On the other hand, all the key cloud providers—Amazon Web Services, Google Cloud Platform, and Microsoft Azure—offer their own file access storage services, as does NetApp’s, in the case of AWS. IBM also offers file storage through its cloud offering.
Block in the cloud
Some storage vendors, such as IBM and Pure, offer instances of their block storage in the cloud. All three big ones offer cloud block storage services aimed at applications that require the lowest latency, such as databases and analytical caching, as well as virtual machine (VM) operation.
Probably due to the nature of block storage and its performance requirements, distributed block storage doesn’t seem to have taken off the way it did with file.
Object storage: a world apart
Object storage is based on a “flat” structure with objects accessed through unique identifiers similar to domain name system (DNS) method of accessing websites.
For this reason, object storage is quite different from the hierarchical, tree-like structure of a file system, and this can be an advantage when datasets grow very large. Some NAS systems experience strain when they reach billions of files.
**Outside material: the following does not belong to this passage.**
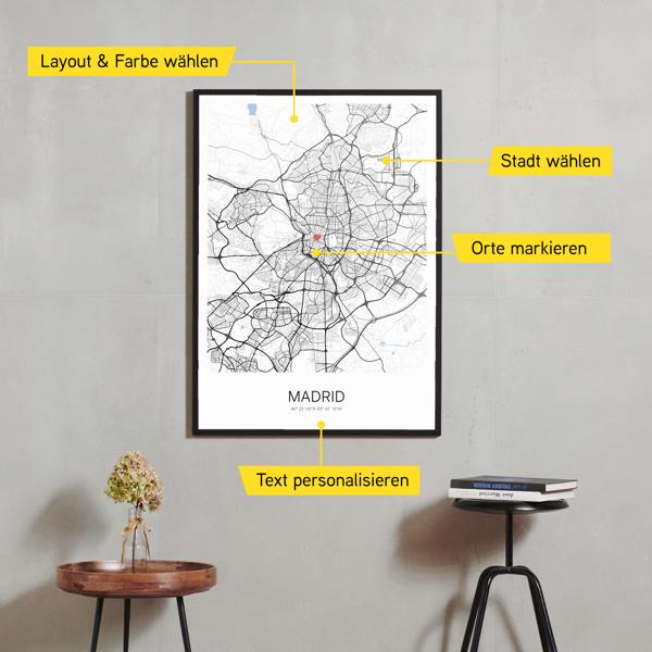 Wähle Farben und Layouts, die perfekt zu dir passen. Ob als klassische Karte in schwarz-weiß oder in modernen Farben. Bei Cartida kannst du ein Design in deinen Lieblingsfarben wählen. Erstelle eine Variante von Madrid, die perfekt zu dir und deiner Wohnung passt.

Object storage has file-level equivalent data access, but without file locking, and often more than one user can access the object at the same time. Object storage is not strongly consistent. In other words, it is eventually reconciled between the existing mirrors.
Most legacy applications are not written to store objects. But far from necessarily being a disadvantage, historically object storage has actually been the preferred storage access method for the cloud era. That’s because the cloud as a whole is much more of a stateless proposition than the legacy enterprise environment, and it also includes probably most of the storage offered by the big cloud providers.
In addition, objects in an object store offer a richer set of metadata than in a traditional file system. This makes data in the object store also suitable for analytics.
Object in the cloud – and locally with a file
The cloud is the natural home for object storage. Most storage services offered by cloud providers are based on object storage, and this is where new de facto standards such as S3 have emerged.
With its easy access to data that can happily exist as largely stateless and ultimately consistent, the object is the bulk storage of the cloud era.
You can get object storage for on-premise deployments, such as Dell EMC’s Elastic Cloud Storage, which is only for data center deployments. Meanwhile, Hitachi Vantara’s Hitachi Content Platform, IBM’s Cloud Object Storage, and NetApp’s StorageGrid can work in hybrid and multi-cloud scenarios.
Some dedicated object storage providers, such as Cloudian and Scality, offer on-premises and hybrid deployments.
And in Scality’s case, along with Pure Storage (and NetApp, to some extent), converged file and object storage is possible, the rationale here being that customers increasingly want access to large amounts of unstructured data that can are in file or object storage formats.